• Exercise objective: Would you repeat exactly the part of the listing below that runs from the line containing "据披露,中央巡视组将在上述省" down to the line containing "Parlak Siyah Yaka Detaylı Beyaz Kadın Gömlek", inclusive, and nothing else?

• Entries provided:
+ + +

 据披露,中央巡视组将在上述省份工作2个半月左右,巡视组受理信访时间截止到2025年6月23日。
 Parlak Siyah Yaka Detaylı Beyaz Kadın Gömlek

+ + +

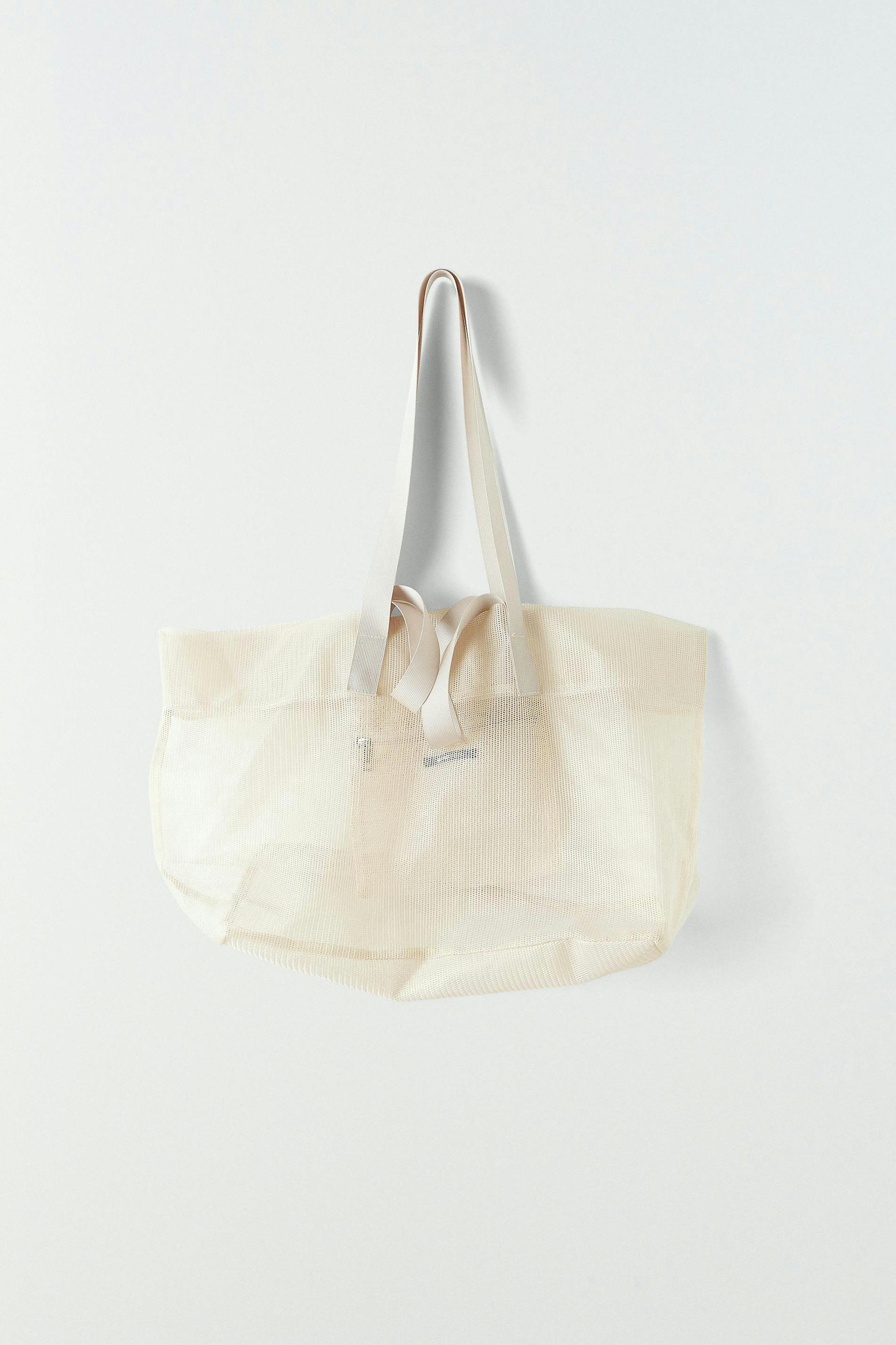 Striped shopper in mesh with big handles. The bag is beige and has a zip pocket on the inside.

+ + +

• Output of the task:
 据披露,中央巡视组将在上述省份工作2个半月左右,巡视组受理信访时间截止到2025年6月23日。
 Parlak Siyah Yaka Detaylı Beyaz Kadın Gömlek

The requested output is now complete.